REUTERS/Carlo Allegri
But why?
Economist Henry S. Faber examines this not-so-simple problem in a paper out this month.
First, Faber explains the standard economic view of why it might be harder to find a taxi. Credit to Twitter's Ben Southwood for flagging up the research:
That it is difficult to find a taxi in the rain has been a standard complaint in Manhattan for as long as there have been taxis. If asked why this is the case, the answer from an economist 20 years ago would have been that rainy weather increases the demand for taxi rides and there is no or an insufficiently rapid supply response to meet this transitory demand.
But there's another view, which suggests that rain doesn't only drive up the demand for taxis, it also drives down the supply of drivers, making the problem worse from both angles.
Basically, the idea is that drivers are often "target earners". They're self-employed, and instead of working for a set number of hours per day, they work to a mental income target. Once they've got to the target, they clock off, and one fewer taxi is on the road.
So when it rains, and demand for taxis spikes, drivers are inundated with work. They reach their target income earlier and stop working. That was the finding of four economists in 1997, who became the founding fathers of the "what taxis do in the rain" school of microeconomics.

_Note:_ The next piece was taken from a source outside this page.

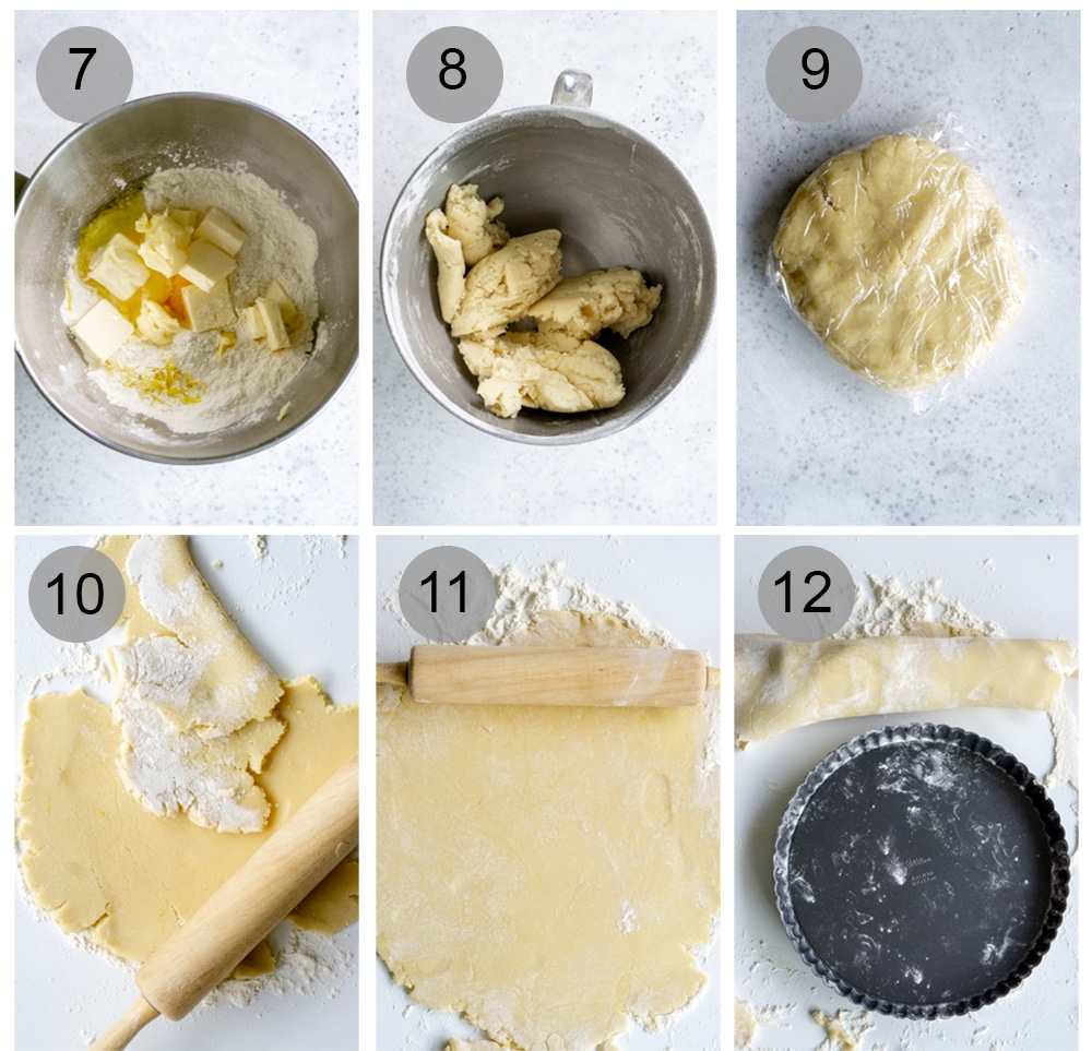 Butter and flour a tart pan. Add the dough to the tart pan (photo 12) cut and remove any overhang. Prick the base of the dough with a fork (photo 13)

But according to Faber, that's just not true.
In his studies, New York taxi drivers behave much more like an economist's model would expect them to. Drivers want to work more when they are able to get increased wages, or more work, than when they can't. They won't just clock off when they have reached some arbitrary level, because there are still significant opportunities for them to earn. Faber says that's true of anticipated increases in income (like holidays, or certain times of the day) as well as unanticipated ones (like the rain).
"The overall pattern is clear. Drivers tend to respond positively to both anticipated and unanticipated increases in earnings opportunities," said Faber.